**EXERCISE INSTRUCTIONS**
Please repeat, exactly and without pictures, the lines of the entries below that run from the one containing "It Was Always You Framed" through the one containing "Die separaten Schlafzimmer".

**INPUT DATA**
╭──
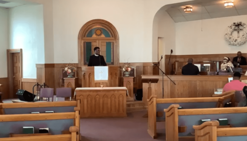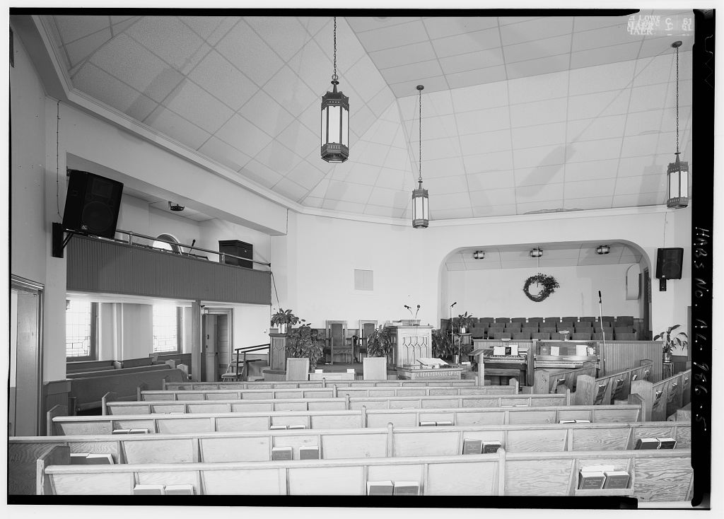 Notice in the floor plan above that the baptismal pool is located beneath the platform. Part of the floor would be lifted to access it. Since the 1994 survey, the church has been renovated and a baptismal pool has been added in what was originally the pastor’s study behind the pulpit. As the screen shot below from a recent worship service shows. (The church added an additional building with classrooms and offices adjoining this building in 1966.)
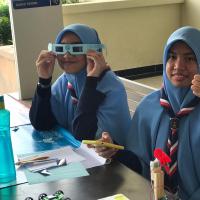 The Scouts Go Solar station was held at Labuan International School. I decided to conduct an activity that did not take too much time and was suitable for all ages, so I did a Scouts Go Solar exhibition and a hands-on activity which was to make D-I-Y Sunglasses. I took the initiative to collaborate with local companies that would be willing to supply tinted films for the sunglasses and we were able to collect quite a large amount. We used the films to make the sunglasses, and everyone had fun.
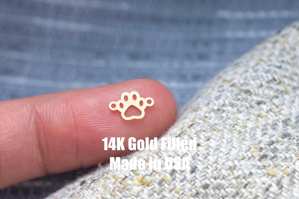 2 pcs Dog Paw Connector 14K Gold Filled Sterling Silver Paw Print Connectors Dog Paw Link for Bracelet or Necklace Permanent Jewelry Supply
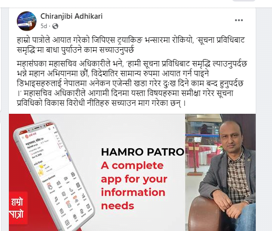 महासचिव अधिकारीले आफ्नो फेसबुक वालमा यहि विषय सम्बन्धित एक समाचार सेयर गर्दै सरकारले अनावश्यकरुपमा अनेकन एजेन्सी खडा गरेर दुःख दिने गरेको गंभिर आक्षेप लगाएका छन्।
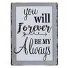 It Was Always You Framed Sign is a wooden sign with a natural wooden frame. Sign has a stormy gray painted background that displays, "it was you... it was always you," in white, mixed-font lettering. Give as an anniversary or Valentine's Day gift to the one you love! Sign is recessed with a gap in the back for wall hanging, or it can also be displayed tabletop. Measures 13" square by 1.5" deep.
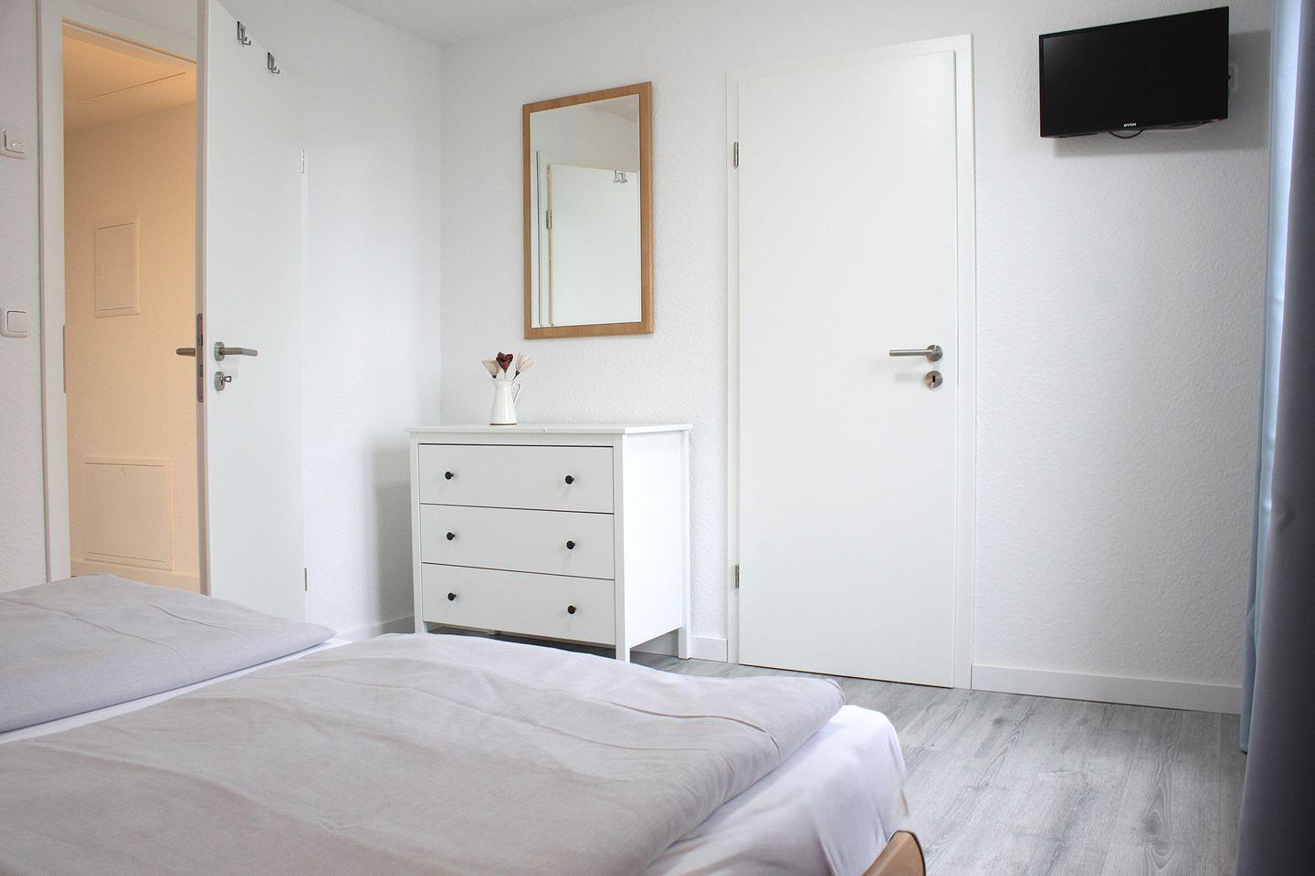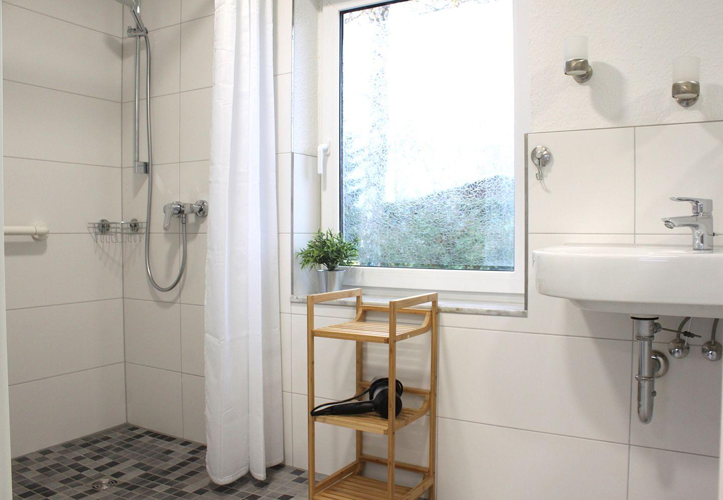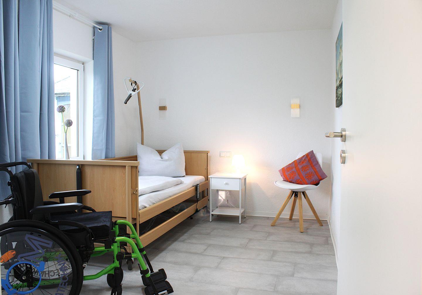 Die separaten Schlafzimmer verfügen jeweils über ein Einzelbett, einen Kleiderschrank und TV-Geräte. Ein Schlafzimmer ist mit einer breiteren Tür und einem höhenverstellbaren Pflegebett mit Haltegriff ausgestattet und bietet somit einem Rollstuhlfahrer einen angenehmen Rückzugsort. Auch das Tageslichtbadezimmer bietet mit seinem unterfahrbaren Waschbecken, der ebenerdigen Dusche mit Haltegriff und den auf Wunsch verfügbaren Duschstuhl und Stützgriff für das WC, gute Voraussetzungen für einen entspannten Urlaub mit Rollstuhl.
╰──
╭──
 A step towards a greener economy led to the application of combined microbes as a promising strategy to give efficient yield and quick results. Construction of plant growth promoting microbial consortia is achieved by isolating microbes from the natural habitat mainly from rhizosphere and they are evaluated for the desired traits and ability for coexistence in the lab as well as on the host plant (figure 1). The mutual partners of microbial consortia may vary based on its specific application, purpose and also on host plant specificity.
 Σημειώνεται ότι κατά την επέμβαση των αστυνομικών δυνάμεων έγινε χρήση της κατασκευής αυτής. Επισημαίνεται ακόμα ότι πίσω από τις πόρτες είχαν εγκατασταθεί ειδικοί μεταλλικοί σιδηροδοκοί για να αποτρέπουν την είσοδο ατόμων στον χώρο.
╰──
**TASK OUTPUT**
 It Was Always You Framed Sign is a wooden sign with a natural wooden frame. Sign has a stormy gray painted background that displays, "it was you... it was always you," in white, mixed-font lettering. Give as an anniversary or Valentine's Day gift to the one you love! Sign is recessed with a gap in the back for wall hanging, or it can also be displayed tabletop. Measures 13" square by 1.5" deep.
 Die separaten Schlafzimmer verfügen jeweils über ein Einzelbett, einen Kleiderschrank und TV-Geräte. Ein Schlafzimmer ist mit einer breiteren Tür und einem höhenverstellbaren Pflegebett mit Haltegriff ausgestattet und bietet somit einem Rollstuhlfahrer einen angenehmen Rückzugsort. Auch das Tageslichtbadezimmer bietet mit seinem unterfahrbaren Waschbecken, der ebenerdigen Dusche mit Haltegriff und den auf Wunsch verfügbaren Duschstuhl und Stützgriff für das WC, gute Voraussetzungen für einen entspannten Urlaub mit Rollstuhl.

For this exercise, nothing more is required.